The changes in biochemistry observed in the two groups during the observation period are reported in Table 1. Final and on-treatment average phosphorous concentration was significantly (P<0.01) lower in patients treated with sevelamer; however, the proportion of patients on CKD stage–specific target for serum phosphorous was similar between the two groups. A better PTH control was also noted in sevelamer-treated patients compared with calcium carbonate–treated patients. Final and on-treatment average serum calcium concentration decreased in the sevelamer group (P<0.01) and increased in calcium carbonate group (P<0.01). Final and on-treatment average total cholesterol and LDL cholesterol were significantly reduced in the sevelamer group. Final triglycerides were higher both in patients treated with sevelamer (P<0.02) and calcium carbonate (P<0.02).
The event-free survival curves of patients treated with sevelamer or calcium carbonate are shown in Figures 2, 3, and 4. The rate of all-cause mortality, dialysis inception, and the composite end point was significantly less frequent (log-rank test = 11.46; P<0.01) among patients randomized to sevelamer. Indeed, 12 and 22 patients died, 31 and 42 patents started dialysis, and 43 and 64 patients experienced the composite end point in the sevelamer and calcium carbonate group, respectively.
Results of unadjusted, adjusted for baseline covariates, and adjusted for baseline covariates plus time-varying covariates models are shown in Table 2. In all models, all-cause mortality and the composite end point were lower in patients receiving sevelamer. In unadjusted models and in adjusted models for baseline covariates, dialysis inception was lower in patients receiving sevelamer. In adjusted models for baseline covariates plus time-varying covariates, the protective effect of sevelamer was no longer observed.
At baseline, the percentage of calcified patients (62.6% vs 47.6%; P=0.02) and the median CAC score (122 AU [IQR, 0–180] versus 0 AU [IQR, 0–215]; P<0.01] were higher in the sevelamer group.

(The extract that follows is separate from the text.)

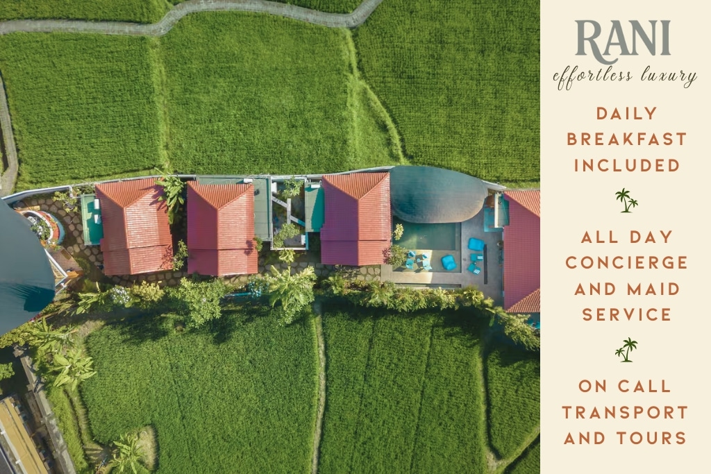 Delicious complimentary breakfast. Personal maid & concierge service onsite. Trusted drivers on-call, floating breakfasts, massages, private yoga & more - all at great rates. Enjoy luxurious private suites, movie nights in a floating cinema under the stars or sunset cocktails on the bamboo roof terrace. Villa Rani blends the soul of traditional Balinese architecture with five-star modern comfort, moments from Ubud centre. From airport pick-up to drop-off, we’re ready to spoil you in paradise.

Considering only patients with CAC scores >0, a significant regression of CAC score was observed in 24 patients treated with sevelamer and in 2 patients treated with calcium carbonate. During the 24-month observation period, de novo onset of CAC was recorded in 5 and in 45 patients assigned to sevelamer and calcium carbonate, respectively. The final cumulative percentage of de novo onset of CAC was 12.8% in sevelamer-treated patients and 81.8% in calcium carbonate–treated patients; in the latter group, the increase in CAC score was also greater.

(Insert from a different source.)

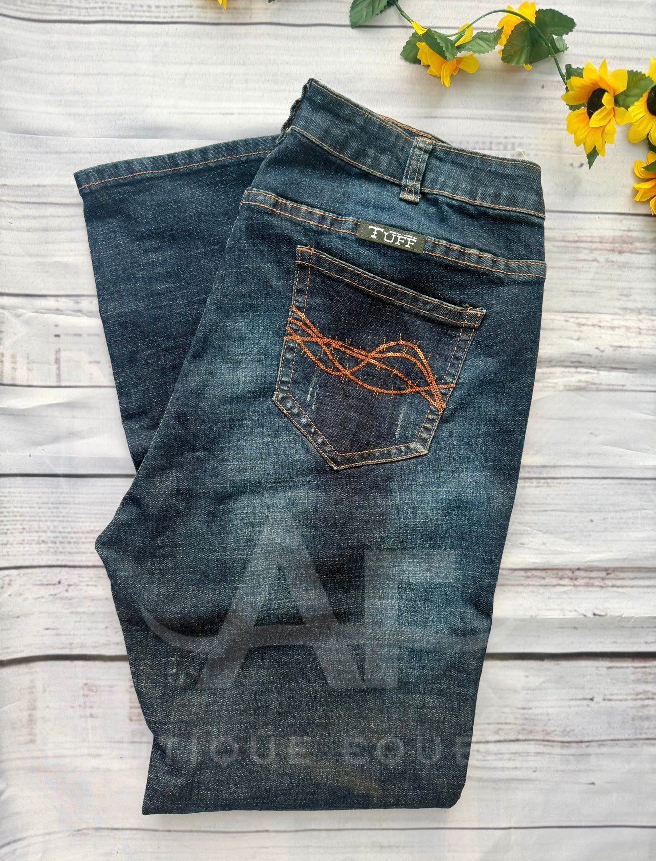 We all deserve a day off, and the perfect jean to go with it! Our TUFF FLEX® Bootcut Lazy Day II jean in a Dark wash with grinding accents is the perfect kick-back style. Finished with our standard 7 belt loop design, rose-color crystal embellishments atop stylish distressing details, and copper barbed-wire sequin detail on the back pockets.

Episodes of hypercalcemia were more frequent in patients taking calcium carbonate than in those taking sevelamer (n=82 [78%] versus n=6 [5%]; P<0.01).
The main result of this pilot study is that a significant difference in all-cause mortality was achieved by treating NDD-CKD patients with different phosphate binders. To the best of our knowledge, no similar interventional study has been performed in NDD-CKD patients to date. Current data show that sevelamer distinctly improves survival in NDD-CKD patients; therefore, these data are in keeping with current guidelines that caution against the indiscriminate use of calcium-containing phosphate binders in CKD patients (5).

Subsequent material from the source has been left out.